**PROBLEM TO SOLVE:** Your job is to retype all of the data word for word, leaving every image out.
*** Opening of SOURCE MATERIAL ***
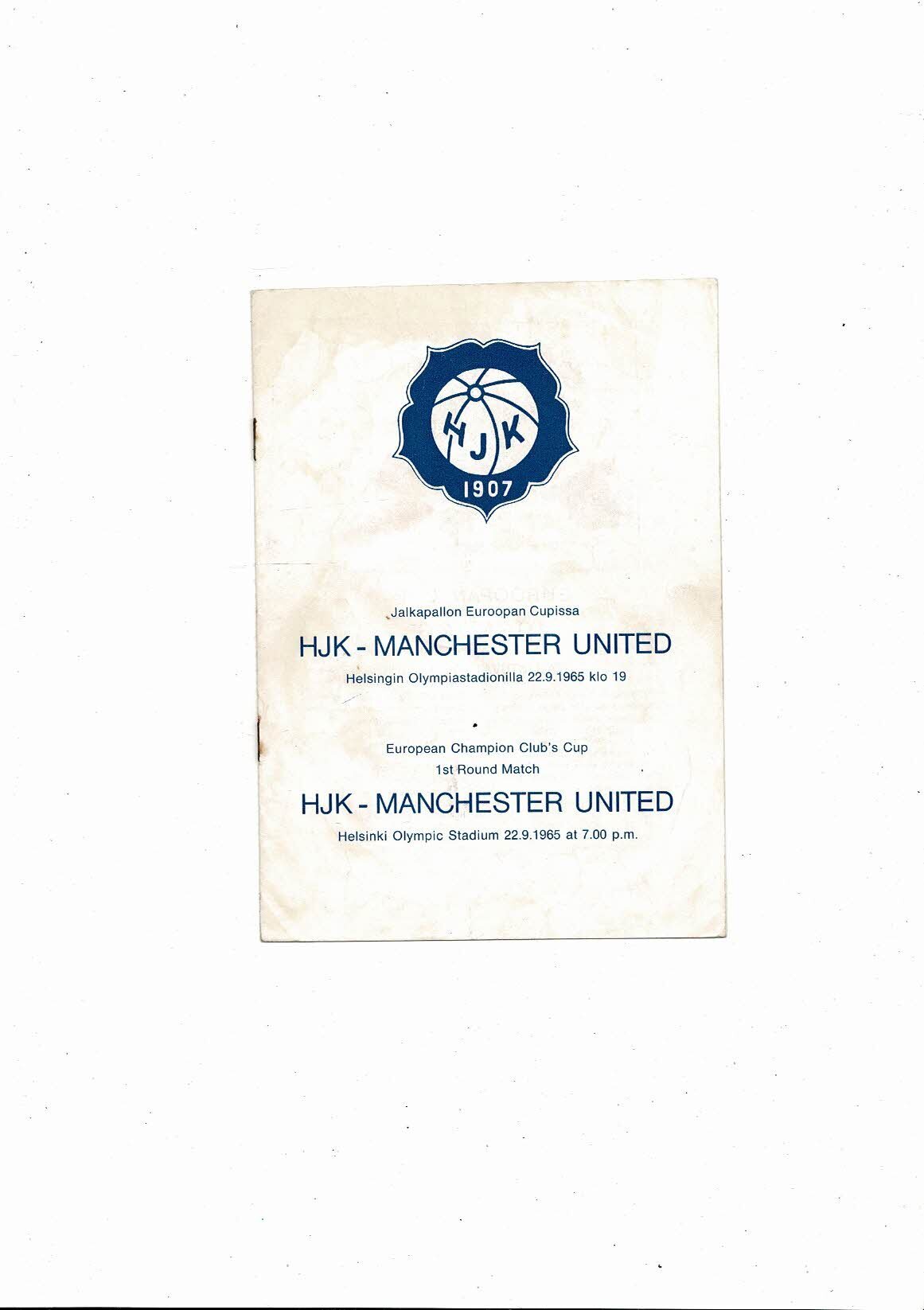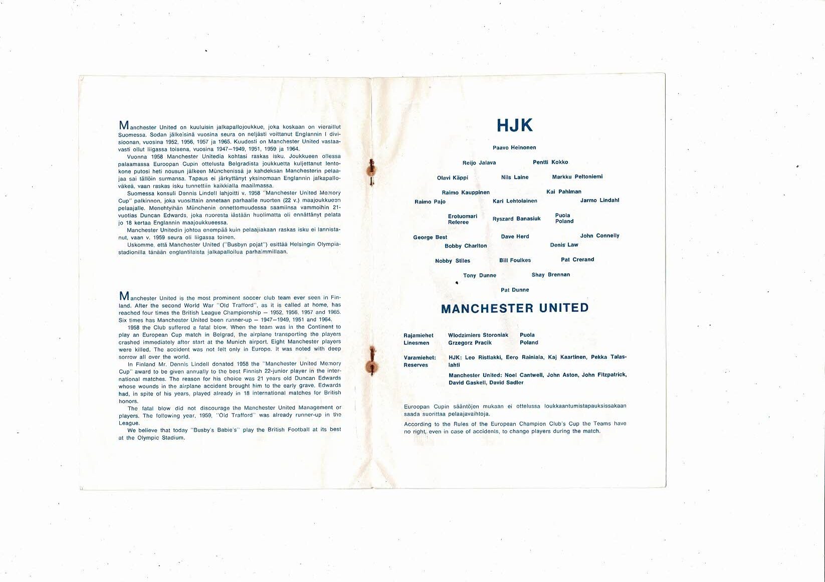 HJK Helsinki v Manchester United European Cup Football Programme 1965/66
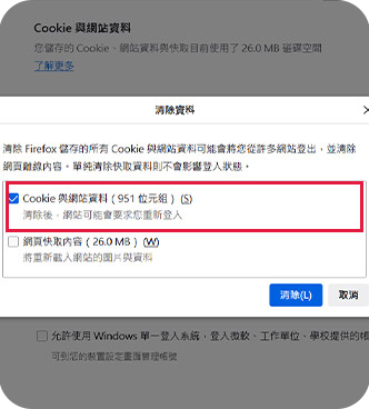 4. 勾選COOKIE與網站資料,再點選[清除]按鈕。
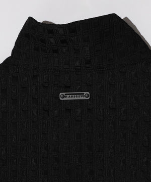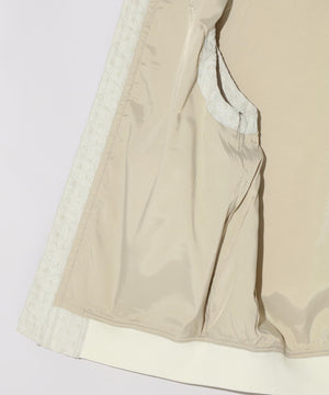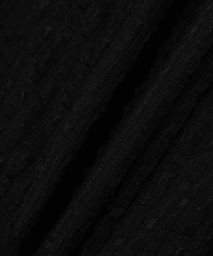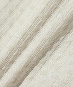 タテに光沢のあるブライト糸とヨコにウーリー糸を使い、光沢のスクエア部分とマットな部分を交互に並ぶように柄を組んた、国内桐生産地の高品質なジャガード素材を使用。
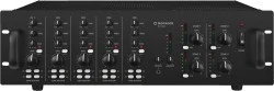 4-strefowy wzmacniacz matrycowy, mono, do profesjonalnych zastosowań np. w systemach PA i multi-room. · Moc 120WRMS na strefę · Praca w trybie 100V oraz 4/8Ω (niezależny wybór dla każdej strefy) · Idealne wykorzystanie mocy i pewne zabezpieczenie obwodów głośnikowych dzięki wbudowanemu limiterowi · 3 wejścia mikr./linia, gniazda Combo · 2 wejścia liniowe stereo, gniazda RCA · Każdy kanał wejściowy z regulacją wzmocnienia, 2-punktowym korektorem barwy, przyciskiem wyciszenia kanału i przełącznikami strefowymi · Wejścia mikrofonowe z włączanym zasilaniem phantom 46V dla mikrofonów elektretowych · Funkcja priorytetu dla kanału 1, włączana · Niezależne wejście przywoławcze, możliwość skierowania do wszystkich stref · 4 strefy, sterowane indywidualnie · Wyjścia strefowe i wyjścia monitora do podłączania kolejnych wzmacniaczy lub rejestratorów · Złącze dla monitora odsłuchowego · Regulatory i wskaźniki poziomu · Regulowane wyjście słuchawkowe · Chłodzenie wentylatorem · Zasilanie sieciowe Moc szczytowa (peak) 4 x 170 W Moc znamionowa RMS 4 x 120 W Moc znamionowa RMS przy 4Ω 4 x 120 W Moc znamionowa RMS przy 8Ω 4 x 120 W Moc znamionowa RMS przy 100V 4 x 120 W Kanały wejściowe 5 Strefy 4 Wejścia 5mV/4kΩ, 100mV/10kΩ (mic/line) 100mV/30kΩ (line) 40mV/5kΩ (tel. paging) Pasmo przenoszenia 50-17 000 Hz Wbudowany limiter tak Korektor niskie ±10dB/100Hz Korektor wysokie ±10dB/10kHz Stosunek S/N > 65 dB, mic > 75dB, line THD
*** Close of SOURCE MATERIAL ***
**EXERCISE OUTPUT:**
 HJK Helsinki v Manchester United European Cup Football Programme 1965/66
 4. 勾選COOKIE與網站資料,再點選[清除]按鈕。
 タテに光沢のあるブライト糸とヨコにウーリー糸を使い、光沢のスクエア部分とマットな部分を交互に並ぶように柄を組んた、国内桐生産地の高品質なジャガード素材を使用。
 4-strefowy wzmacniacz matrycowy, mono, do profesjonalnych zastosowań np. w systemach PA i multi-room. · Moc 120WRMS na strefę · Praca w trybie 100V oraz 4/8Ω (niezależny wybór dla każdej strefy) · Idealne wykorzystanie mocy i pewne zabezpieczenie obwodów głośnikowych dzięki wbudowanemu limiterowi · 3 wejścia mikr./linia, gniazda Combo · 2 wejścia liniowe stereo, gniazda RCA · Każdy kanał wejściowy z regulacją wzmocnienia, 2-punktowym korektorem barwy, przyciskiem wyciszenia kanału i przełącznikami strefowymi · Wejścia mikrofonowe z włączanym zasilaniem phantom 46V dla mikrofonów elektretowych · Funkcja priorytetu dla kanału 1, włączana · Niezależne wejście przywoławcze, możliwość skierowania do wszystkich stref · 4 strefy, sterowane indywidualnie · Wyjścia strefowe i wyjścia monitora do podłączania kolejnych wzmacniaczy lub rejestratorów · Złącze dla monitora odsłuchowego · Regulatory i wskaźniki poziomu · Regulowane wyjście słuchawkowe · Chłodzenie wentylatorem · Zasilanie sieciowe Moc szczytowa (peak) 4 x 170 W Moc znamionowa RMS 4 x 120 W Moc znamionowa RMS przy 4Ω 4 x 120 W Moc znamionowa RMS przy 8Ω 4 x 120 W Moc znamionowa RMS przy 100V 4 x 120 W Kanały wejściowe 5 Strefy 4 Wejścia 5mV/4kΩ, 100mV/10kΩ (mic/line) 100mV/30kΩ (line) 40mV/5kΩ (tel. paging) Pasmo przenoszenia 50-17 000 Hz Wbudowany limiter tak Korektor niskie ±10dB/100Hz Korektor wysokie ±10dB/10kHz Stosunek S/N > 65 dB, mic > 75dB, line THD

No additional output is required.